PricewaterhouseCoopers (PwC) a été mandaté, en application de l'article 164.1 de la Loi électorale du Canada, pour effectuer une vérification légale indépendante et faire rapport quant à la question de savoir si les scrutateurs, les greffiers du scrutin et les agents d'inscription ont, les jours de vote par anticipation et le jour du scrutin, exercé correctement les attributions que les articles 143 à 149, 161, 162 et 169 (ci-après « les articles pertinents ») de la Loi électorale du Canada (LEC ou « la Loi ») leur confèrent.

Outre les diverses tâches requises pour préparer les jours de vote par anticipation et le jour du scrutin, et pour offrir son soutien en temps voulu, chaque directeur du scrutin est chargé de nommer un scrutateur, un greffier du scrutin et un agent d'inscription (collectivement appelés « fonctionnaires électoraux ») pour exécuter diverses fonctions liées aux élections dans un lieu de scrutin. Il faut un scrutateur et un greffier du scrutin par bureau de scrutin et, habituellement, un agent d'inscription pour chaque lieu de scrutin. Ce sont les rôles de ces fonctionnaires électoraux qui sont visés par la présente vérification, effectuée conformément à l'article 164.1 de la Loi.

Aux termes des articles pertinents de la Loi, le mandat des fonctionnaires électoraux consiste à veiller à l'inscription des électeurs, à demander et à examiner les preuves d'identité et d'adresse de chaque électeur et à utiliser et remplir les formulaires et certificats prescrits les jours de vote par anticipation (soit du 9 au 12 octobre 2015) et le jour du scrutin (soit le 19 octobre 2015).
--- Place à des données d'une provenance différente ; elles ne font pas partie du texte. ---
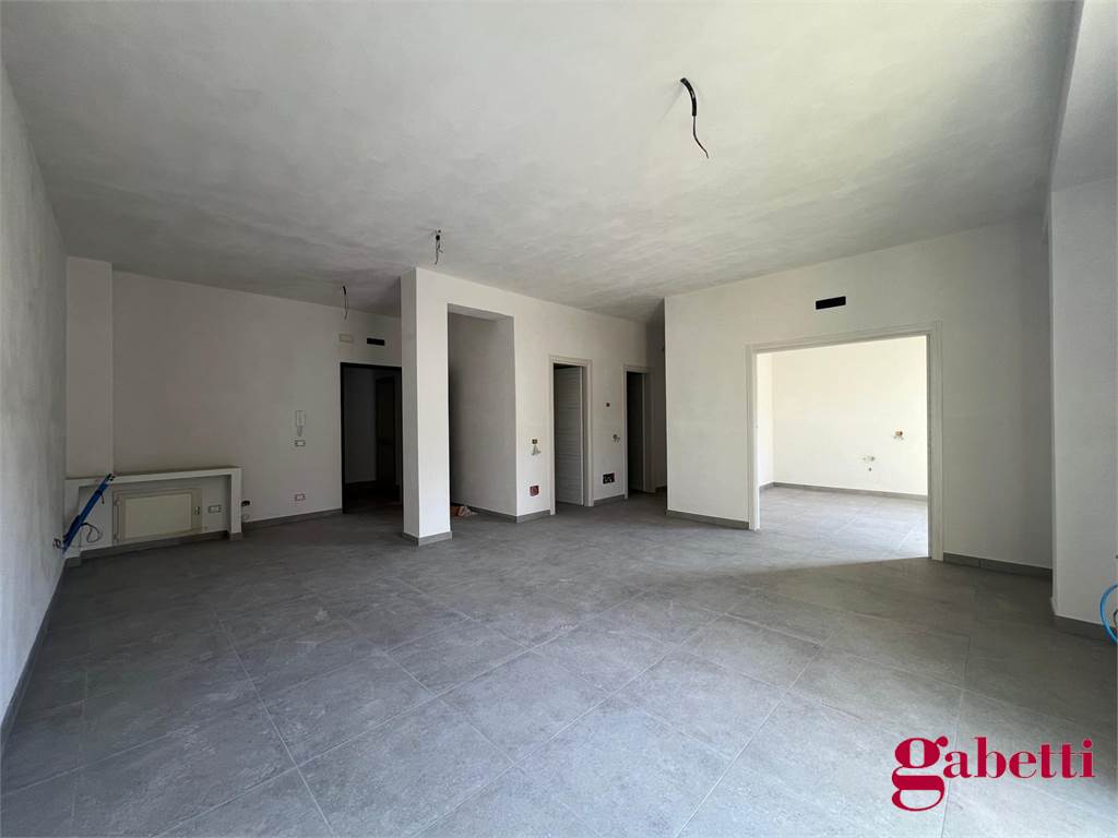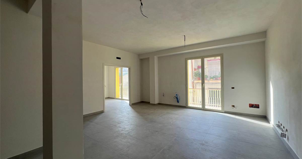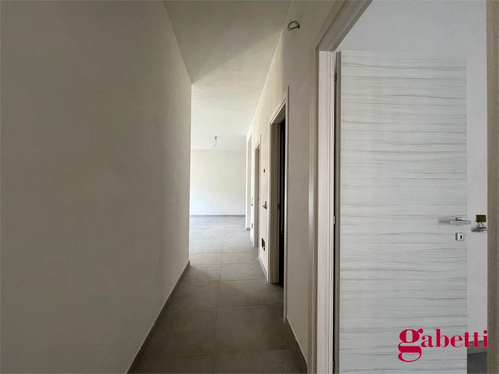La casa ha ingresso sull’ampio salone con porta finestra verso la balconata principale, cucina collegata in “openspace” con il salone e dotata di porta finestra verso il balcone comune, corridoio, primo ripostiglio interno, bagno principale con finestrella interna e doccia doppia, camera da letto con accesso al balcone comune, camera da letto matrimoniale con bagno in camera (dotato di doccia e finestrella interna) e balcone esclusivo, ripostiglio esterno sul pianerottolo.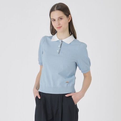 [型番:55N07724__]◆ブルーレーベルらしいディテールが詰まったニットポロ【Design】やわらかな着心地の良いニット素材を使用したデザインニットです。トレンドのポロ衿デザインにギャザーの入った袖で甘さをプラスしました。前立てから覗くクレストブリッジチェックがアクセントになります。裾部分にはゴールドのプレートがついています。
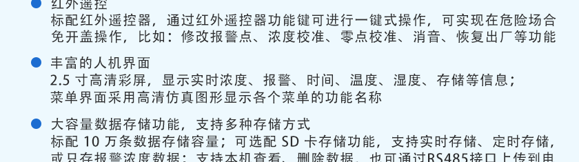 CO(0~1000ppm)、H2S(0~100ppm)、O2(0~30%Vol)、Ex(0~100%LEL),其他量程可訂制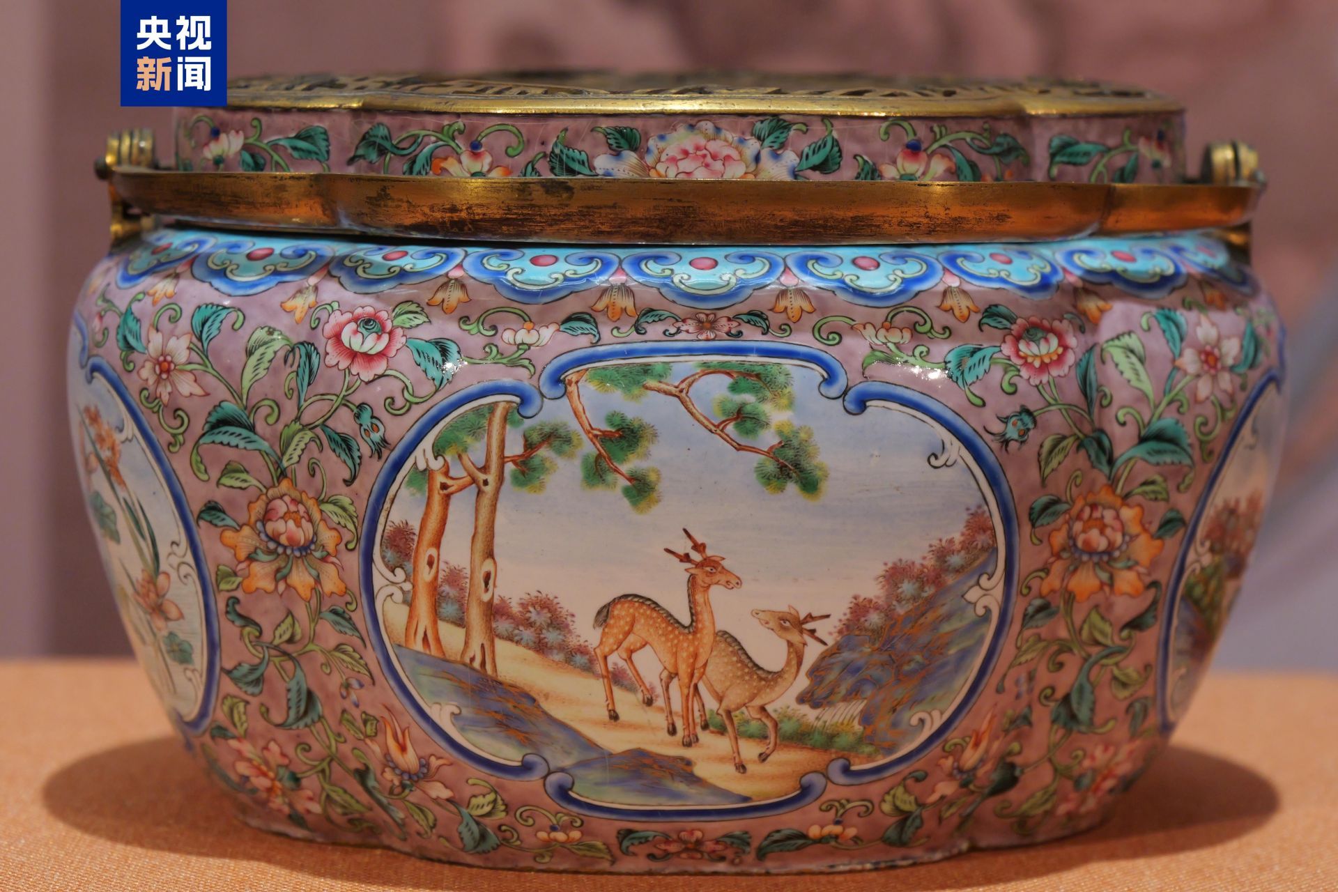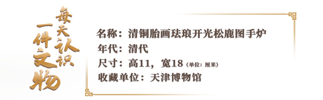 这件清铜胎画珐琅开光松鹿图手炉

Tout citoyen canadien qui a atteint au moins 18 ans le jour de l'élection peut voter dans la circonscription dans laquelle il demeure. Parmi l'éventail de procédures en vertu de la LEC pour protéger l'intégrité du processus électoral, l'une d'elles oblige l'électeur à prouver son habilité à voter (identité et résidence) avant de recevoir un bulletin de vote. Pour la plupart des électeurs – ceux qui sont déjà inscrits à leur adresse actuelle et qui, par conséquent, figurent déjà sur la liste électorale –, les procédures du jour de l'élection se résument à la simple et rapide vérification d'une ou de plusieurs pièces d'identité acceptables pour confirmer l'identité et l'adresse de résidence. D'après les résultats de nos tests, environ 90 % des électeurs ont exercé leur droit de vote de cette manière. En ce qui concerne les 10 % restants, des procédures administratives spéciales ont dû être appliquées avant la délivrance d'un bulletin de vote.

Les fonctionnaires électoraux doivent appliquer des procédures spéciales à l'égard de tous les électeurs qui se trouvent dans les situations suivantes : ils doivent faire attester leur adresse, ils ne sont pas inscrits sur la liste électorale, leur nom a été biffé par erreur sur la liste électorale, ils doivent apporter des corrections mineures à leurs renseignements d'inscription. Dans certaines circonstances, il peut être nécessaire d'appliquer des procédures spéciales comme produire un certificat approprié, faire prêter un serment verbal ou écrit à l'électeur ou obtenir une déclaration de sa part, ou encore lire un avertissement verbal ou faire prêter serment à un électeur et à son répondant.

D'après ce que nous avons compris, Élections Canada (EC) a mis en place des procédures de contrôle de la qualité et amélioré son matériel de formation depuis la tenue de l'élection générale précédente (en 2011). Nous savons également qu'EC a du mal à recruter des ressources temporaires qui possèdent les meilleures compétences dans l'ensemble des circonscriptions dans un court délai avant la tenue d'une élection. Nous avons pris ces facteurs en considération lorsque nous avons élaboré notre stratégie de vérification.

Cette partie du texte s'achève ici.